For Adults with Disabilities

  1. What will you do during the day now that you are an adult? Will you have a full-time job, part-time job, volunteer, or go to some sort of program? Oregon’s Employment First team has created the Employment Road Map, which is a tool that helps people with Intellectual or Developmental Disabilities and their families plot a customized course to a job using available services and supports.
  2. Where can you learn or improve employment skills to find a community job? What employment services are available in Oregon and how can they assist you in your job search? The Oregon Department of Human Services offers special resources on Supported Employment services in Oregon.
  3. Are you looking for services and supports as an adult with developmental disabilities? Contact your local community developmental disability program (CDDP) to find out if you are eligible for services.
  4. What kind of supports do you need to be independent and live in the community? Once you are eligible for developmental disability (DD) services, you will go through an advising process to learn your options for case management and other DD services available.

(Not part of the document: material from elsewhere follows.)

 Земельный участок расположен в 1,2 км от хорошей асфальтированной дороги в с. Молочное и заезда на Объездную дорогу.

  5. If you are an adult living in your family home or your own home, do you know your choices for case management services? You can choose either a Service Coordinator (SC) at your local CDDP; or a Personal Agent (PA) at a local support services brokerage.
  6. Would a limited or joint bank account, automatic bill pay, or debit card help you with managing your own money? There are a variety of options, and your case manager (SC or PA) can help you decide what is best for you. Oregon ABLE Savings Plans are another great way for Oregonians with disabilities and their families to save for eligible expenses and for the future—without affecting state and federal benefits. Open up a plan at http://oregonablesavings.com/.

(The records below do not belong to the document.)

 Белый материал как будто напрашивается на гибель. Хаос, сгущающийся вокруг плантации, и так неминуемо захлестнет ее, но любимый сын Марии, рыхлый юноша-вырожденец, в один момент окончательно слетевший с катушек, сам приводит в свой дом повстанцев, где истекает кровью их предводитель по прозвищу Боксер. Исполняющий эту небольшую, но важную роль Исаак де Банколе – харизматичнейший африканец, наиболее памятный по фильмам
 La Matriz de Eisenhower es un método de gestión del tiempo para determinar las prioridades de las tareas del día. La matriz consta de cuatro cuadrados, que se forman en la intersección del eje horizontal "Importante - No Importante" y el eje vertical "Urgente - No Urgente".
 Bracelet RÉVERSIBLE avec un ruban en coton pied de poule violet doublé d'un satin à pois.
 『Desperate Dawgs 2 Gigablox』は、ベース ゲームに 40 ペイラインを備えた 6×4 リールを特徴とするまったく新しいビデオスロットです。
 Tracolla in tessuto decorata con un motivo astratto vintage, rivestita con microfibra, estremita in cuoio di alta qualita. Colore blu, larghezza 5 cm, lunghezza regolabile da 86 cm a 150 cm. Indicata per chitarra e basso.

  7. Do you need help to advocate for what you want and to live the life you want? The Oregon Self Advocacy Coalition is a coalition of self-advocates from across the state that support people with intellectual and developmental disabilities (I/DD) to fight for their rights and the rights of others with I/DD.

For Aging Family Members

  1. What supports does your family member need to continue living as independently as possible in his or her own home and community as they age? How can technology assist them to live as independently as possible?
  2. If I’m still living at home with my parents, what will happen when my parents die—where will I live, and with whom?

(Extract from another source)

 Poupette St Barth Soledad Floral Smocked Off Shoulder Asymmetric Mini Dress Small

  3. Do you have a “road map” for how to best support your family member when you are no longer able?
  4. Are there senior citizen resources in your community? Visit Oregon Department of Human Services’ Services for Seniors & People with Disabilities website to learn about in-home support and services, caregiver support, independent living services, and other resources in your community.
  5. Is there a nearby senior center for social activities? Find a senior center near you.
  6. Who will emotionally support your family member when another close family member or friend passes away?
  7. Who else understands your family member’s medical needs and is available to help communicate those needs to others?
  8. Who can help your family member create a will and help him or her make their wishes known for medical directives?